I'd look at this as a "priority 1++ bug" and acutally fixed the underlying cause - find the globals and have them store the data in a lossless format.
Can SQL call a function within a "C" DLL file??
Thom, April 01, 2006 - 12:09 am UTC
Does anyone know how to call a function from within SQL?? Hum? If you can call a "C" DLL function within an SQL program, Please let me now how! I might be able to offer a solution on all your mentioned date format problems.
Thom.
April 01, 2006 - 9:53 am UTC
yes you can (we call them external procedures) but trust me - if you can "fix" this in C, we can do it in PLSQL just as easily.
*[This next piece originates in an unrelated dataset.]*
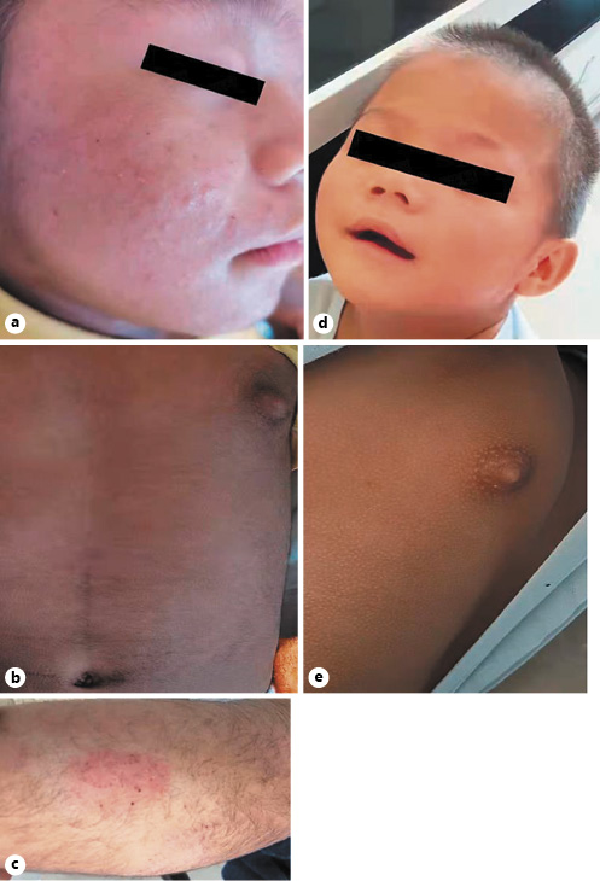 Clinical symptoms of the patient at admission and 10 months later. The symptoms at admission were shown on the left side; it is shown the patient’s acne-like papules on face (a), pigmentation of abdominal skin (b), and thick and long body hair on his legs (c). It also showed the improvement of those symptoms after 10 months on the right side, and it showed the patient’s improved facial acne (d) and the recovery of skin color (e).

So, tell us the algorithm you would use to "fix" this :)
problem with NLS_DATE_FORMAT resolution
olivier, June 21, 2007 - 11:01 am UTC
Tom,
I have a problem with related to dates conversions with a software package working on oracle 9.2.0.6.0 : after working fine for a while, some process start crashing all the time because of date conversions issues (there are implicit conversions somewhere in the code).
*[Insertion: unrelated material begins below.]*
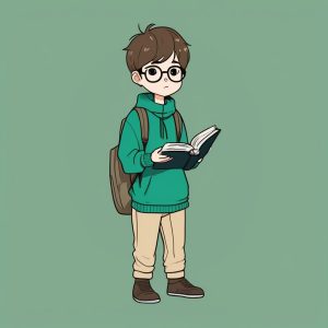 AI art prompt English:Minimalist Chibi Scout Boy, Solid Peach Background

After some investigation, we found out that oracle seems not to resolve the right NLS_DATE_FORMAT parameter. I mean it uses the DATABASE level parameter instead of the SESSION level parameter set with an ALTER SESSION command :
Here is what i found :
SELECT * FROM NLS_DATABASE_PARAMETERS where parameter = 'NLS_DATE_FORMAT';
---------------------------------------------
PARAMETER VALUE
NLS_DATE_FORMAT DD-MON-RR
SELECT * FROM NLS_SESSION_PARAMETERS where parameter = 'NLS_DATE_FORMAT';
---------------------------------------------
PARAMETER VALUE
YYYYMMDD:HH24MISS 21-JUN-07
Select sysdate from dual;
---------------------------------------------
Sysdate
21-JUN-07
As you can see, the default date format defers from the session level NLS_DATE_FORMAT.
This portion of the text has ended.